TASK ITEM: Repeat the records below exactly, leaving out any pictures.

SOURCE DATA:
══════════════════════════════
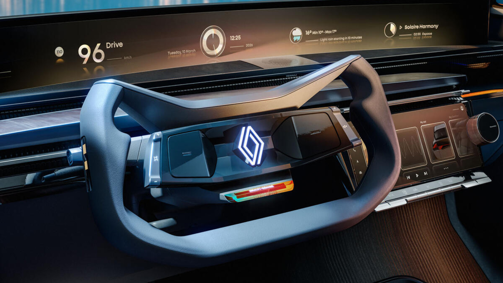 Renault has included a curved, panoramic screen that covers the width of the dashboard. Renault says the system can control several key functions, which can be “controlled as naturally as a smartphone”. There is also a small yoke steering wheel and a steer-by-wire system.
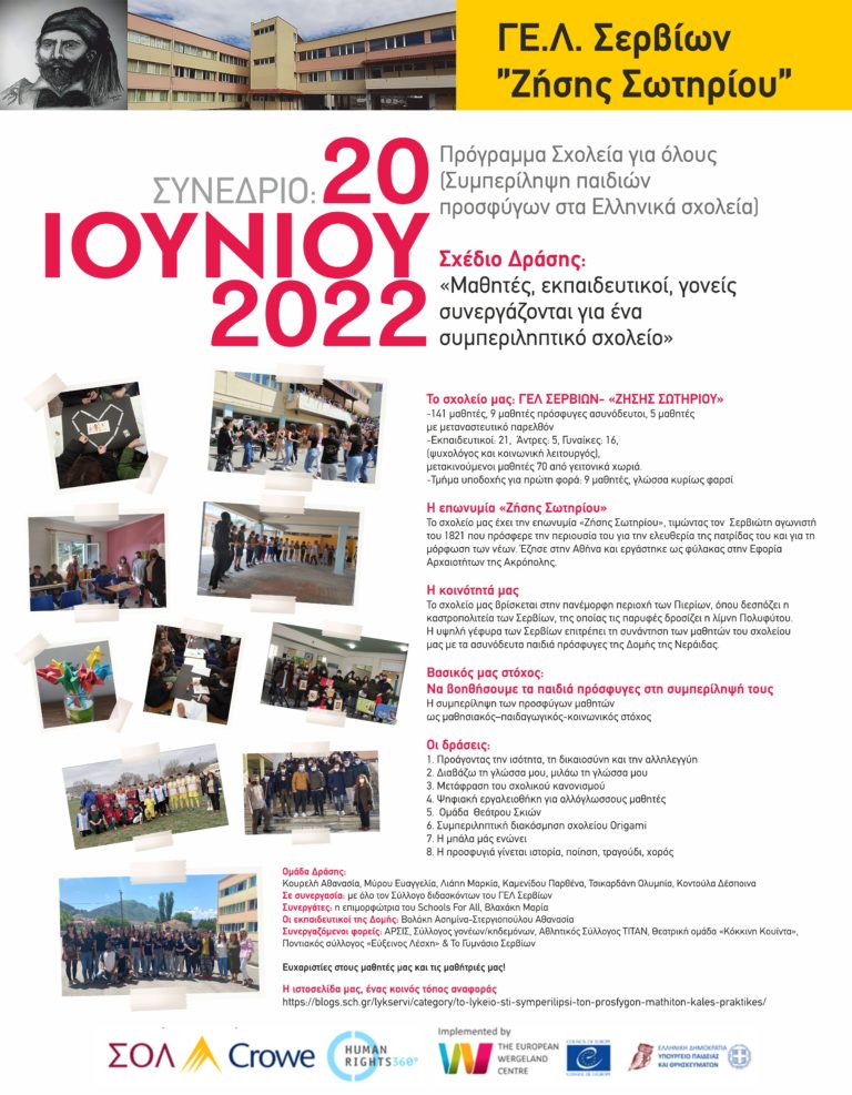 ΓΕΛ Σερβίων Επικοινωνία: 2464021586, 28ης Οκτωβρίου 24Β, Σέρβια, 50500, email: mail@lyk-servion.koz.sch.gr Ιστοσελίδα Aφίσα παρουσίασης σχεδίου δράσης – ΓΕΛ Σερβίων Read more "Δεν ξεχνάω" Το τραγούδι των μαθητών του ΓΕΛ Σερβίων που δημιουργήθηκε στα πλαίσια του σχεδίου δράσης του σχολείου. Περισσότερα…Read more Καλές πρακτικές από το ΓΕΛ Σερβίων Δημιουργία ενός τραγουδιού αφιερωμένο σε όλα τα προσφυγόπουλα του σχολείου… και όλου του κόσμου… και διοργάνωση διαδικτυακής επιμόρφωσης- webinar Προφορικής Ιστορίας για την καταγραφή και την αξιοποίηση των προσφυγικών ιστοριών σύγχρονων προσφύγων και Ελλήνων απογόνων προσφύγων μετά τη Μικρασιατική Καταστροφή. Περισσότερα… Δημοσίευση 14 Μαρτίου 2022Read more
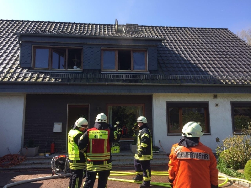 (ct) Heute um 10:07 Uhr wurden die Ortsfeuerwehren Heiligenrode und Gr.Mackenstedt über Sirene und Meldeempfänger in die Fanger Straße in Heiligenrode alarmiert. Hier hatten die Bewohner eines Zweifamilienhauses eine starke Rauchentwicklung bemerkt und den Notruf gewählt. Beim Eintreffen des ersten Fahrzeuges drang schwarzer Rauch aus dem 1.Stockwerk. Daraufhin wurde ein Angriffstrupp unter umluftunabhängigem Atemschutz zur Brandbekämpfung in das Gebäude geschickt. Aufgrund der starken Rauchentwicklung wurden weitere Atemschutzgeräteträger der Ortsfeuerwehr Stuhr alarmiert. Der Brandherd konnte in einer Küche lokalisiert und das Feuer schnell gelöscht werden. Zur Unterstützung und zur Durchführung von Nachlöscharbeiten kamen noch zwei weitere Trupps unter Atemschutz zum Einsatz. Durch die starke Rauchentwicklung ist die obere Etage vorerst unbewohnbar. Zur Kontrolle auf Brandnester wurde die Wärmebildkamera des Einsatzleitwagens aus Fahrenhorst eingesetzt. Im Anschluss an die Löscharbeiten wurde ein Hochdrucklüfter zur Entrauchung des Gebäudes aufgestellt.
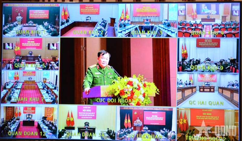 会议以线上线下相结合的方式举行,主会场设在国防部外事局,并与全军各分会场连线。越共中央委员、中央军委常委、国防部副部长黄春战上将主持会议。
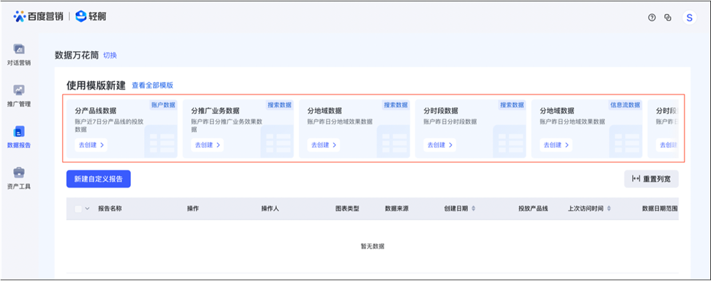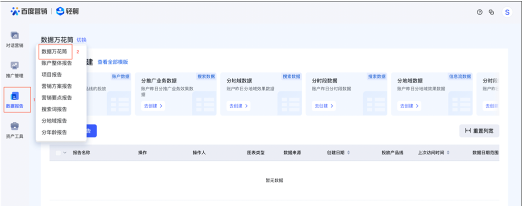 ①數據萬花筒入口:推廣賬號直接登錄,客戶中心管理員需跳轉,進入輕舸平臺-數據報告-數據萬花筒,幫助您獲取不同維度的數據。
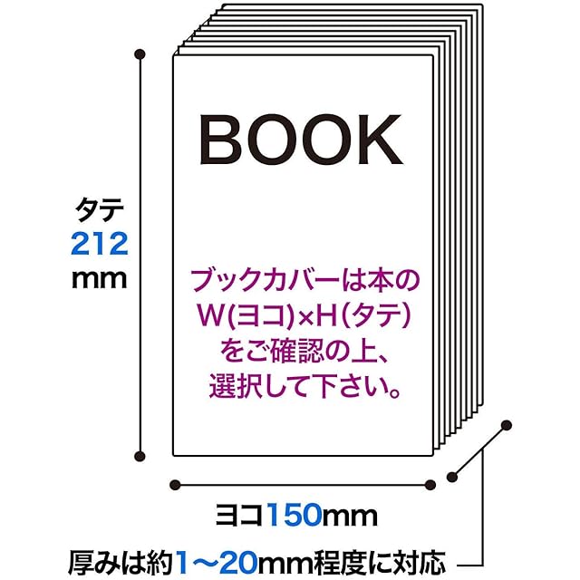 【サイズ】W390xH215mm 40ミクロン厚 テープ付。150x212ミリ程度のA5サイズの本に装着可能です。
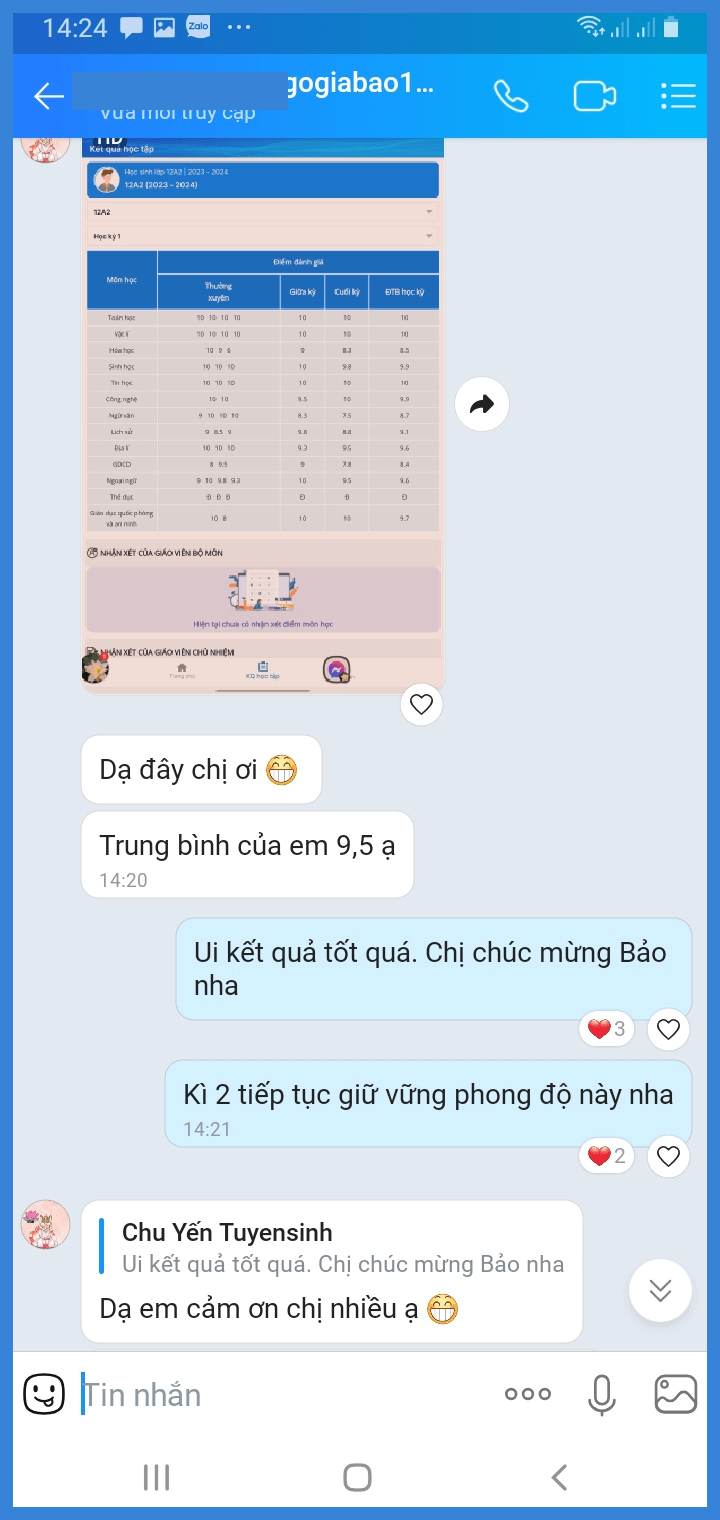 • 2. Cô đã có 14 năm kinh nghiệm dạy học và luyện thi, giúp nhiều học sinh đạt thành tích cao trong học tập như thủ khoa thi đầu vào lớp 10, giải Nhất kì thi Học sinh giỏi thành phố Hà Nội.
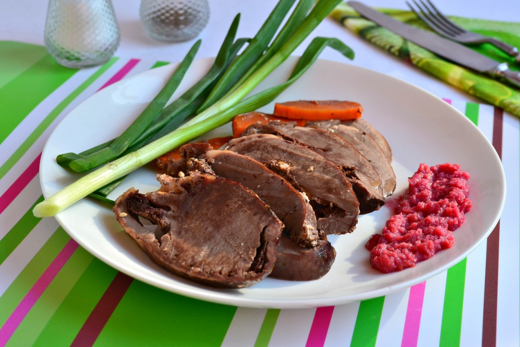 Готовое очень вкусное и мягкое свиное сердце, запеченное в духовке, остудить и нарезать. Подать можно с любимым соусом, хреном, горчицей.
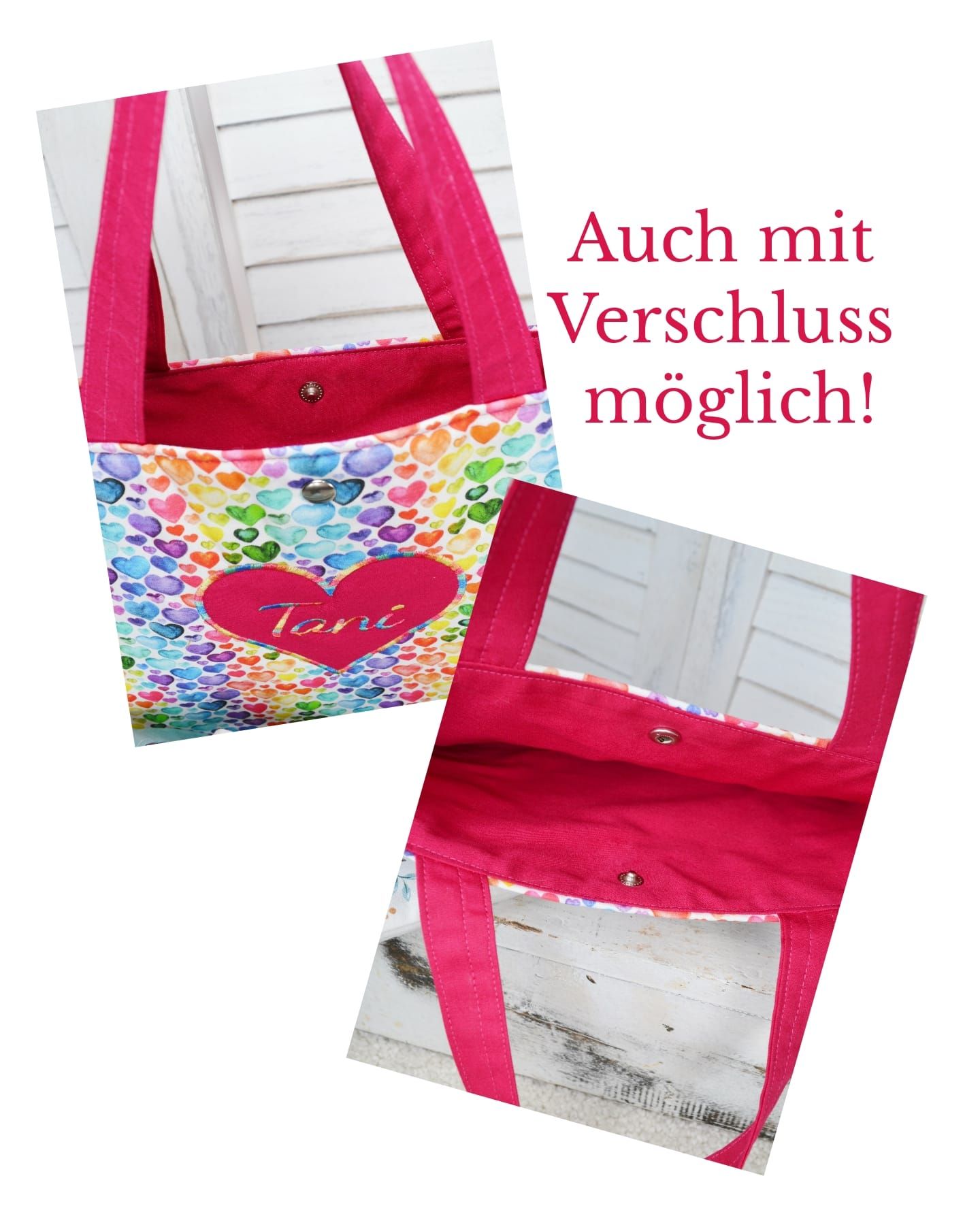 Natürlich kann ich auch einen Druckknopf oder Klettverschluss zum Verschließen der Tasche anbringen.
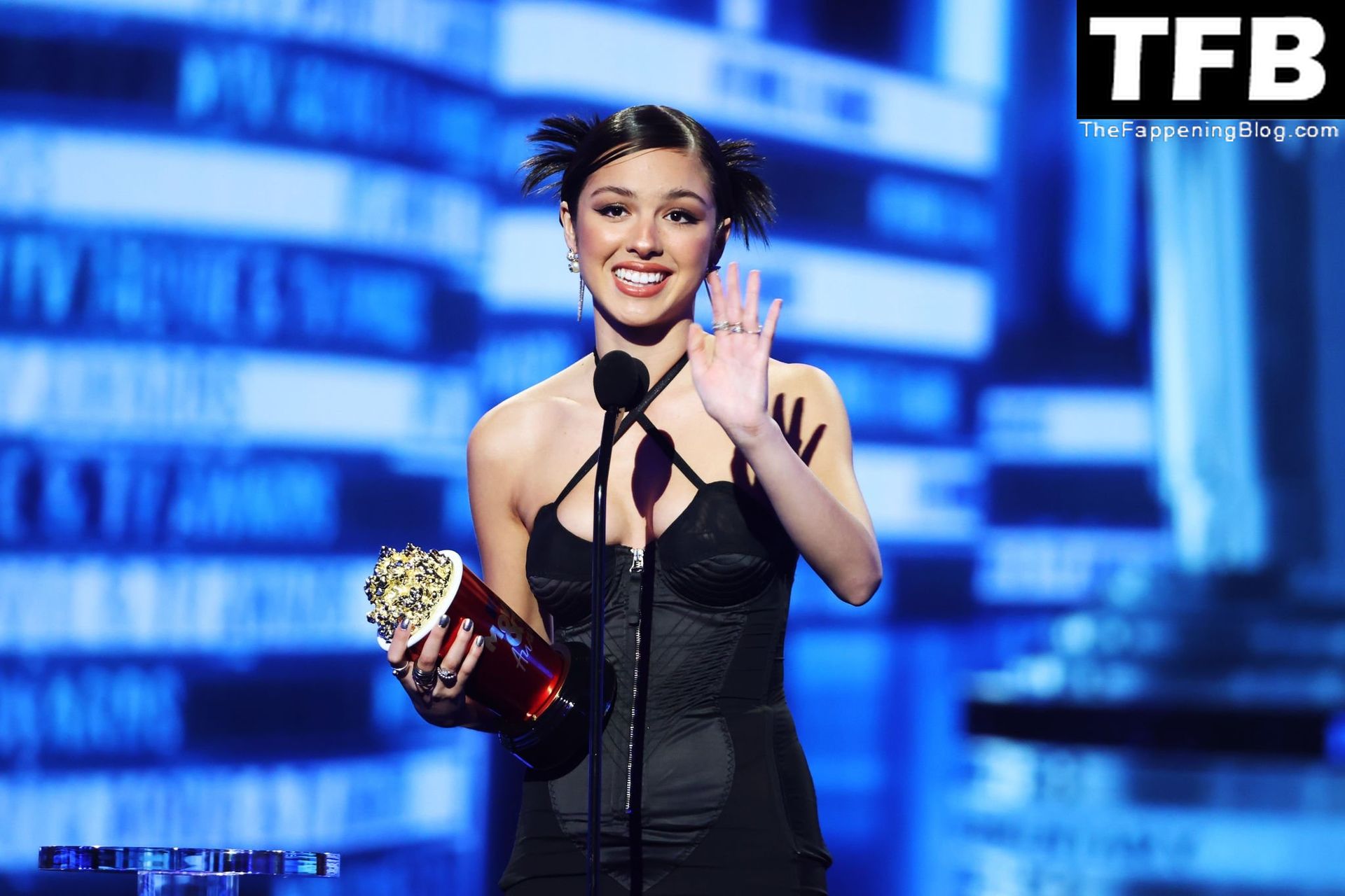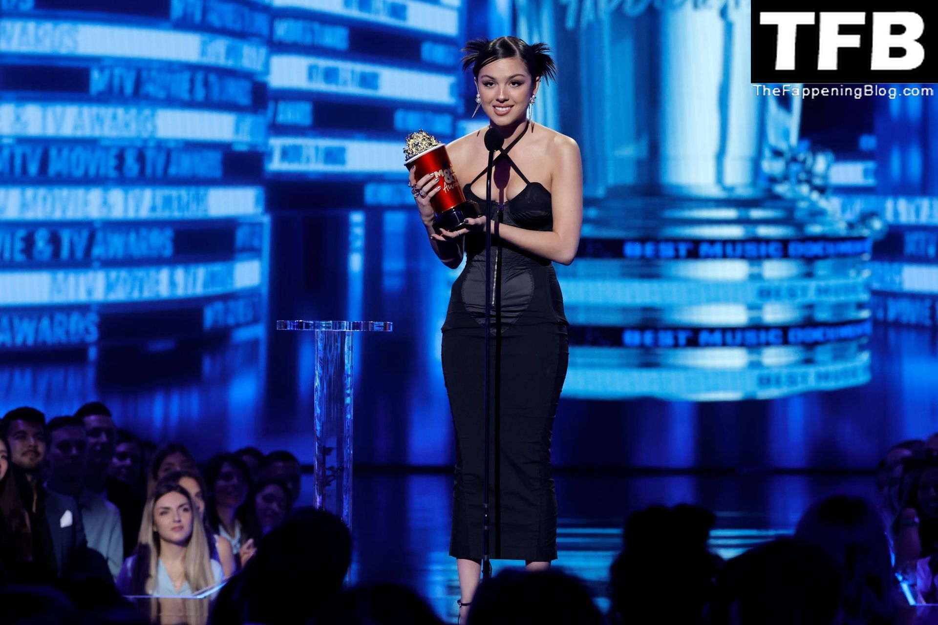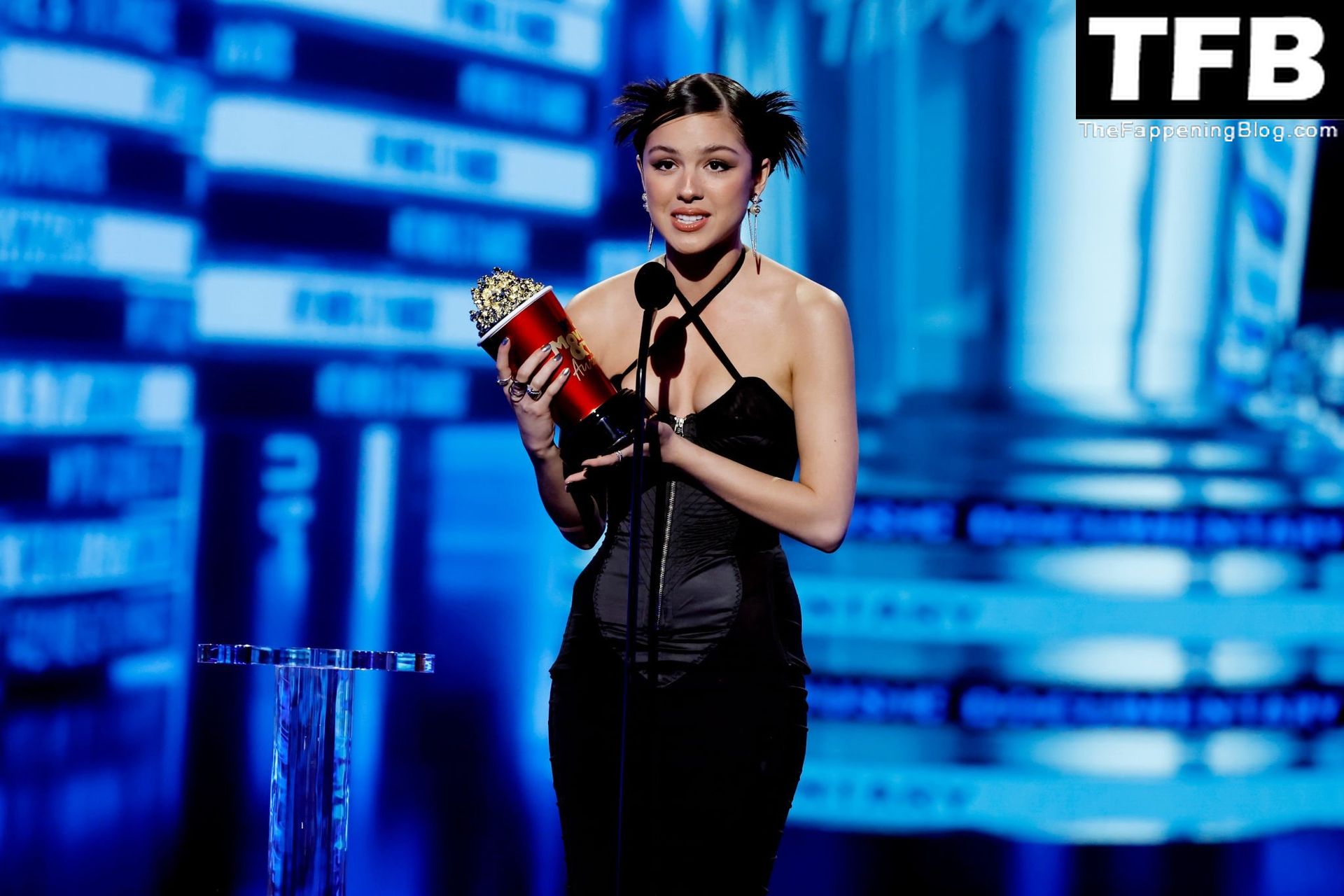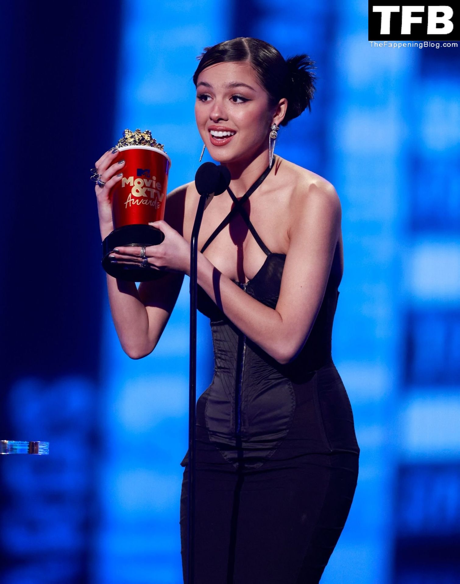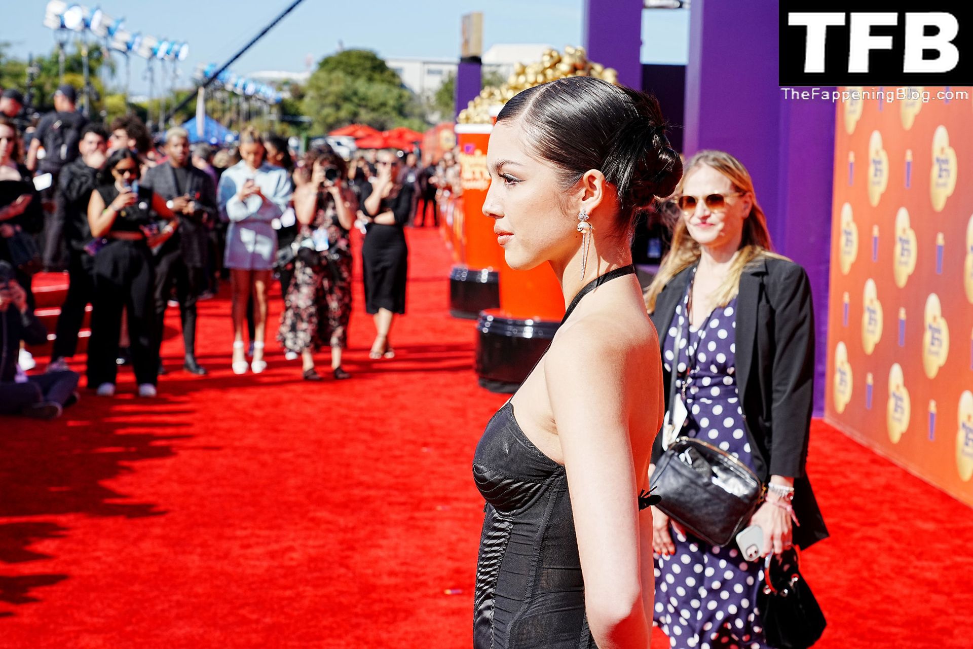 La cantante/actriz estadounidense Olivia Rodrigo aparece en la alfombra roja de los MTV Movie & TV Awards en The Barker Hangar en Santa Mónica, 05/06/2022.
══════════════════════════════
ANSWER TO THIS EXERCISE:
 Renault has included a curved, panoramic screen that covers the width of the dashboard. Renault says the system can control several key functions, which can be “controlled as naturally as a smartphone”. There is also a small yoke steering wheel and a steer-by-wire system.
 ΓΕΛ Σερβίων Επικοινωνία: 2464021586, 28ης Οκτωβρίου 24Β, Σέρβια, 50500, email: mail@lyk-servion.koz.sch.gr Ιστοσελίδα Aφίσα παρουσίασης σχεδίου δράσης – ΓΕΛ Σερβίων Read more "Δεν ξεχνάω" Το τραγούδι των μαθητών του ΓΕΛ Σερβίων που δημιουργήθηκε στα πλαίσια του σχεδίου δράσης του σχολείου. Περισσότερα…Read more Καλές πρακτικές από το ΓΕΛ Σερβίων Δημιουργία ενός τραγουδιού αφιερωμένο σε όλα τα προσφυγόπουλα του σχολείου… και όλου του κόσμου… και διοργάνωση διαδικτυακής επιμόρφωσης- webinar Προφορικής Ιστορίας για την καταγραφή και την αξιοποίηση των προσφυγικών ιστοριών σύγχρονων προσφύγων και Ελλήνων απογόνων προσφύγων μετά τη Μικρασιατική Καταστροφή. Περισσότερα… Δημοσίευση 14 Μαρτίου 2022Read more
 (ct) Heute um 10:07 Uhr wurden die Ortsfeuerwehren Heiligenrode und Gr.Mackenstedt über Sirene und Meldeempfänger in die Fanger Straße in Heiligenrode alarmiert. Hier hatten die Bewohner eines Zweifamilienhauses eine starke Rauchentwicklung bemerkt und den Notruf gewählt. Beim Eintreffen des ersten Fahrzeuges drang schwarzer Rauch aus dem 1.Stockwerk. Daraufhin wurde ein Angriffstrupp unter umluftunabhängigem Atemschutz zur Brandbekämpfung in das Gebäude geschickt. Aufgrund der starken Rauchentwicklung wurden weitere Atemschutzgeräteträger der Ortsfeuerwehr Stuhr alarmiert. Der Brandherd konnte in einer Küche lokalisiert und das Feuer schnell gelöscht werden. Zur Unterstützung und zur Durchführung von Nachlöscharbeiten kamen noch zwei weitere Trupps unter Atemschutz zum Einsatz. Durch die starke Rauchentwicklung ist die obere Etage vorerst unbewohnbar. Zur Kontrolle auf Brandnester wurde die Wärmebildkamera des Einsatzleitwagens aus Fahrenhorst eingesetzt. Im Anschluss an die Löscharbeiten wurde ein Hochdrucklüfter zur Entrauchung des Gebäudes aufgestellt.
 会议以线上线下相结合的方式举行,主会场设在国防部外事局,并与全军各分会场连线。越共中央委员、中央军委常委、国防部副部长黄春战上将主持会议。
 ①數據萬花筒入口:推廣賬號直接登錄,客戶中心管理員需跳轉,進入輕舸平臺-數據報告-數據萬花筒,幫助您獲取不同維度的數據。
 【サイズ】W390xH215mm 40ミクロン厚 テープ付。150x212ミリ程度のA5サイズの本に装着可能です。
 • 2. Cô đã có 14 năm kinh nghiệm dạy học và luyện thi, giúp nhiều học sinh đạt thành tích cao trong học tập như thủ khoa thi đầu vào lớp 10, giải Nhất kì thi Học sinh giỏi thành phố Hà Nội.
 Готовое очень вкусное и мягкое свиное сердце, запеченное в духовке, остудить и нарезать. Подать можно с любимым соусом, хреном, горчицей.
 Natürlich kann ich auch einen Druckknopf oder Klettverschluss zum Verschließen der Tasche anbringen.
 La cantante/actriz estadounidense Olivia Rodrigo aparece en la alfombra roja de los MTV Movie & TV Awards en The Barker Hangar en Santa Mónica, 05/06/2022.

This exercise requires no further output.